Evotaz is an alternative PI for first-time therapy in DHHS HIV treatment guidelines, and is one of two PIs that are co-formulated with the booster cobicistat (the other is Prezcobix). Since most people who take Reyataz must use it with a PK enhancer like cobicistat (Tybost) or ritonavir (Norvir), this formulation makes for greater convenience, one less pill, and one less co-pay. Tybost is not an HIV medication. Similar to ritonavir, it is used to boost blood levels of other drugs. The two PK enhancers have a long list of drug interactions. Maintaining adequate hydration is important with Evotaz. Reyataz + Tybost + Epzicom is no longer included in the list of “Recommended Initial Regimens in Certain Clinical Situations” because it has disadvantages when compared with other regimens in this category. In October 2019, the FDA approved a pediatric dose for Tybost (the brand name for cobicistat). The approval also allowed Tybost and Reyataz to be taken by pediatric patients weighing at least 77 pounds (35 kg). (Reyataz was already approved for pediatric use.) Although the Evotaz label was not changed to note this approval, it is presumed that pediatric patients weighing at least 77 pounds can take Evotaz.
Dr. Ross Slotten says:
Evotaz is a combination formulation containing the PI atazanavir and the boosting agent cobicistat. It’s not clear where this medication fits in today, except for individuals who were taking atazanavir with ritonavir. Although atazanavir is a potent antiretroviral agent, its side effect of jaundice in some individuals makes it a less desirable option. The jaundice is not a sign of liver disease, but it’s an unpleasant side effect. Atazanavir and TDF/FTC are categorized as B1 by the panel of experts at the DHHS, but the combination is likely to further fall out of favor with the passage of time.

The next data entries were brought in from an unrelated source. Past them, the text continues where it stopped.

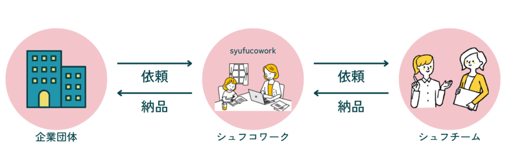 シュフコワークは、企業団体と自宅で子どもの近くで働きたい主婦をつなぐプロジェクトです。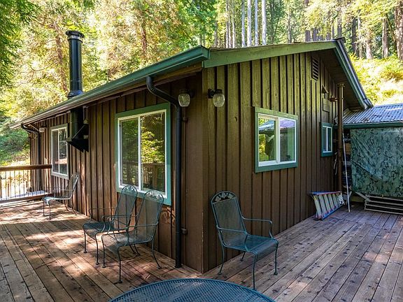 Gated retreat near historic Sturgeon's Mill! Welcome home to this quaint and charming cabin amongst the redwoods. 1 bedroom, plus an office (which is currently used as a 2nd bedroom) and 1 bathroom. Nestled on a quiet and secluded 2.5 acres, relaxation awaits. Forest views from every room and a large wraparound deck that's perfect for entertaining! Plenty of storage in the basement/workshop. Lots of trails to roam the acreage and a path leading to a hilltop picnic area in the sunshine awaits. A scenic setting and quiet location yet only minutes to Graton and Sebastopol. Experience the rural lifestyle and tranquil refuge of this woodland property! Ideal weekend retreat or full time residence. Fully updated, insulated and on a newer foundation. New central heat, retaining wall, water treatment system, paint, floors, bathrooms, kitchen, windows, deck.... This cabin is renovated and completely turnkey which is a rare find in this location.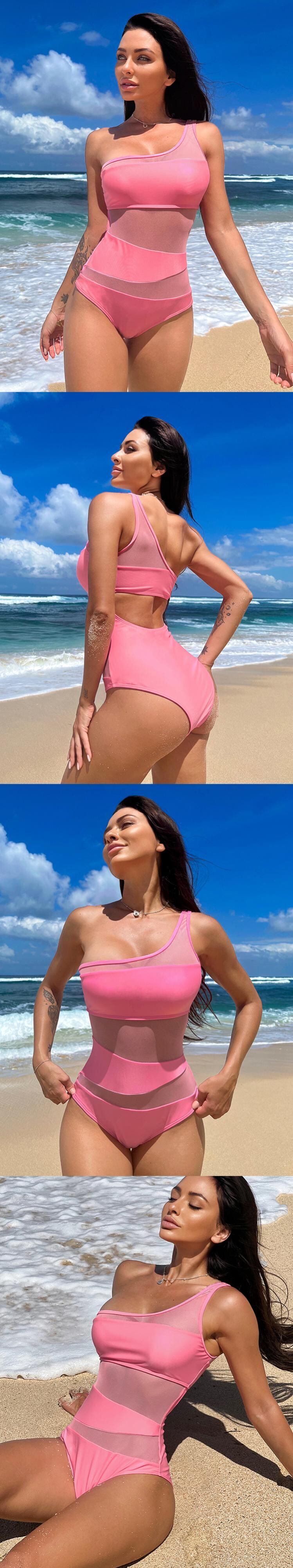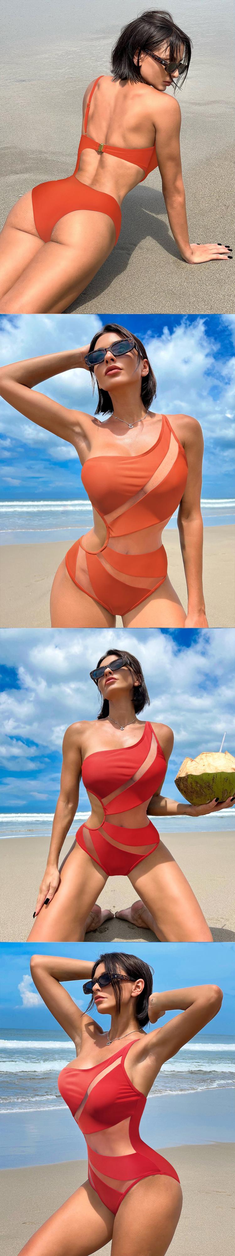 送料無料 セクシーなワンショルダーメッシュパッチワークワンピース水着女性 2023 中空アウトカット女性の水着モノキニプッシュアップビキニ AE1212332277011763392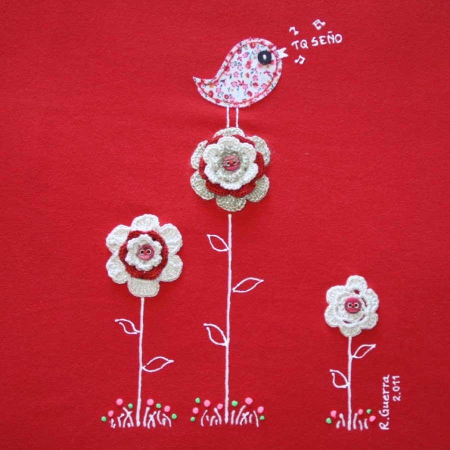CAMISETA "OBSERVANDO DESDE LAS FLORES" ROJA DETALLE DE DIBUJO Y TEXTO PERSONALIZADO DETALLE DE FLORES DE CROCHET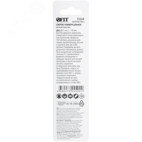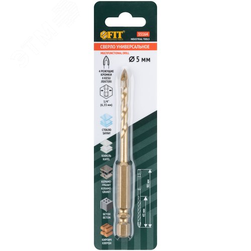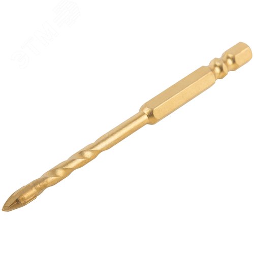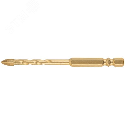 Сверло универсальное, 4 режущие кромки, титановое покрытие, шестигранный U-хвостовик под биту, 5х90 мм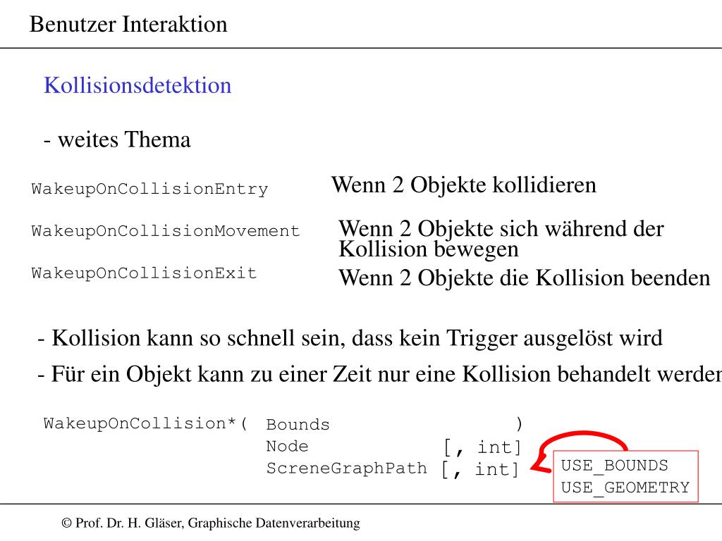 Kollisionsdetektion - weites Thema Wenn 2 Objekte kollidieren WakeupOnCollisionEntry WakeupOnCollisionMovement Wenn 2 Objekte sich während der Kollision bewegen WakeupOnCollisionExit Wenn 2 Objekte die Kollision beenden - Kollision kann so schnell sein, dass kein Trigger ausgelöst wird - Für ein Objekt kann zu einer Zeit nur eine Kollision behandelt werden ) WakeupOnCollision*( Bounds Node ScreneGraphPath [, int] [, USE_BOUNDS USE_GEOMETRY int]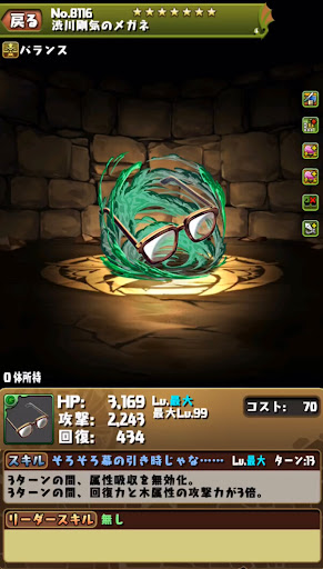【進化前】 ・全パラ2.5倍+攻撃25倍+5秒延長LS ・最大スキブ6個持ちのサブとして運用可能 ・HP/バインド/覚醒無効全回復スキルが強力 └ダメージ/属性吸収も対策できる ・リーダーよりサブ向けの性能【究極進化】 ・全パラ1.5倍+半減+攻撃24倍LS ・無効貫通と以上強化で火力を発揮 ・HP/バインド/覚醒無効全回復スキルが強力 └ダメージ/属性吸収も対策できる【アシスト進化】 |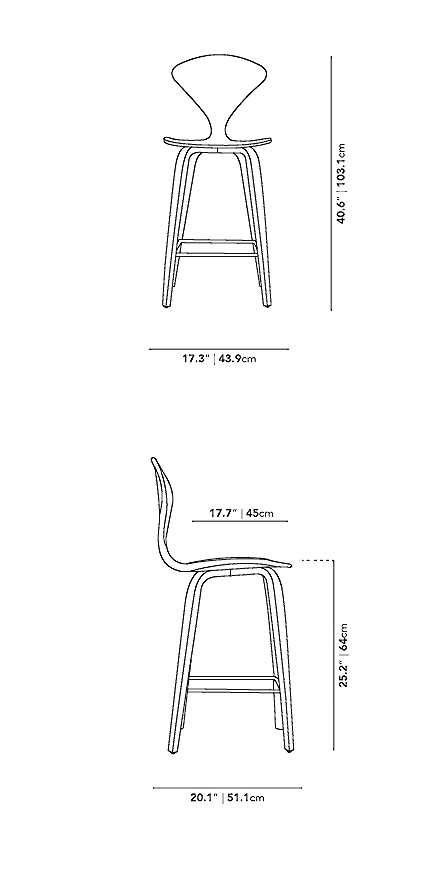 The classic and shapely Norman Counter Stool is one of the most iconic pieces of mid-century furniture. This molded plywood chair offers not only timeless appeal and sophistication, but also comfort and stability. Designed with tapered legs, a generous curved seat, and a concave backrest that is widest at the shoulders, the contoured form lets the body relax easily. The Norman Counter Stools organic, streamlined shape allows it to feel at home in all environments.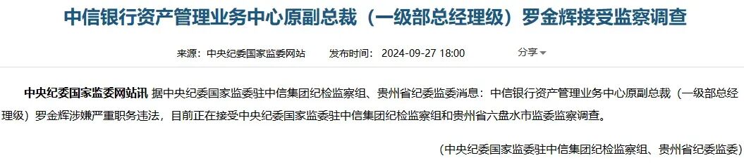 2024年9月27日,根据中央纪委国家监委网站发布的消息,中信银行资产管理业务中心原副总裁(一级部总经理级)罗金辉涉嫌严重职务违法,正在接受中央纪委国家监委驻中信集团纪检监察组和贵州省六盘水市监委监察调查。

Activist Bridgette Picou says:
Two drugs combined in a single tablet (atazanavir and cobicistat), Evotaz is indicated for both treatment-naïve and treatment-experienced individuals. It should be taken with other HIV medicines. The booster means monitoring for drug-drug interactions. Like some other HIV medications, if you have heartburn and use antacids, discuss appropriate time spacing in between taking your HIV medication and the antacids as they interfere with how the atazanavir is absorbed. You may notice yellowing of the eyes and skin. This is due to an increase in bilirubin. It’s harmless, but should be reported to your healthcare provider.